Падилья подал кофе в гостиную - огромную комнату с окнами по двум стенам, отделанную тиковыми панелями с легким креном в корабельную романтику. Плеск прибоя внизу и то возникающий, то исчезающий луч маяка поддерживали иллюзию, будто мы расположились в судовой рубке.

Фергюсон выпил по меньшей мере кварту кофе. Чем больше он трезвел, тем напряженнее становился. Закутанный в махровый халат, он походил на гималайского святого на грани мистического озарения.

Наконец он встал и прошел в соседнюю комнату. Когда он зажег там свет, за аркой двери я увидел белый концертный рояль и задрапированную арфу. На рояле стояла фотография в серебряной рамке.

Фергюсон взял ее, несколько секунд пристально рассматривал и прижал к груди. Его словно свела судорога, некрасивое лицо стало почти уродливым. Казалось, он рыдает - беззвучно и без слез.

- Бедняга, - сказал Падилья, подошел к арке и остановился, чтобы не вторгаться в чужое горе.

Я был менее деликатен и прошел через арку.
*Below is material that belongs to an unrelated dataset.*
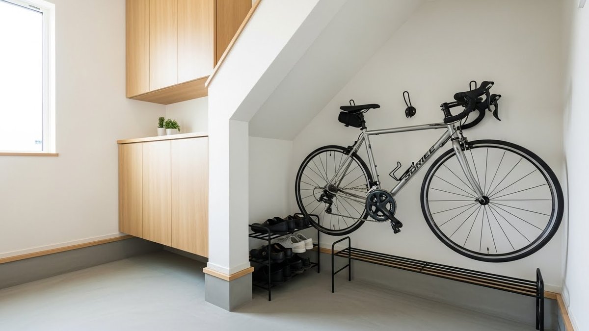 ロードバイクやクロスバイクなどの趣味の自転車を屋内で保管する場合、階段下土間は最適なガレージになります。スタンドを使って縦置きにすれば省スペースで収納でき、壁にディスプレイ用のフックを取り付ければ、メンテナンスもしやすくなります。

- Фергюсон, звонили о вашей жене?

Он кивнул.

- Её нет в живых?

- Они говорят, что она жива. Не знаю.

- Они?

- Её похитители. Холли увезли.

- Похитили?

- Да. Они требуют двести тысяч долларов.

Падилья у меня за спиной присвистнул.

- Они вам уже звонили?

- Да. Но меня не было дома. Я весь день сюда почти не заглядывал.
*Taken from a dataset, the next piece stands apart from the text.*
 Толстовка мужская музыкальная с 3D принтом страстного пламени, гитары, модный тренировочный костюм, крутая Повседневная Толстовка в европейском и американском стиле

- Этот звонок - ваш первый контакт с ними?

- Да.

- Почему вы сразу не сказали? Нам, возможно, удалось бы установить, откуда они звонили.

- В этом направлении я ничего делать не хочу. И вам с Падильей ничего объяснять не хотел. Очень жалею, что проговорился.

- Один вы не справитесь.

- Почему? Деньги у меня есть. Пусть забирают, лишь бы вернули мне Холли.

- У вас есть двести тысяч наличными?

- Даже больше. Я перевел их в местное отделение Американского банка, потому что думал купить тут участок. И могу получить их утром, как только банк откроется.

- Когда и где вы должны отдать деньги?

- Он сказал, чтобы я ждал дальнейших инструкций.

- Вы узнали голос?

- Нет.

- Значит, это был не Ларри Гейнс?

- Нет, не Гейнс. А и будь он, какая разница? Она у них. Я готов её выкупить.

- Возможно, все не так просто. Мне очень неприятно говорить это, полковник, но что, если вас дурачат? Какой-нибудь мелкий мошенник узнал, что ваша жена пропала, и пытается нагреть руки.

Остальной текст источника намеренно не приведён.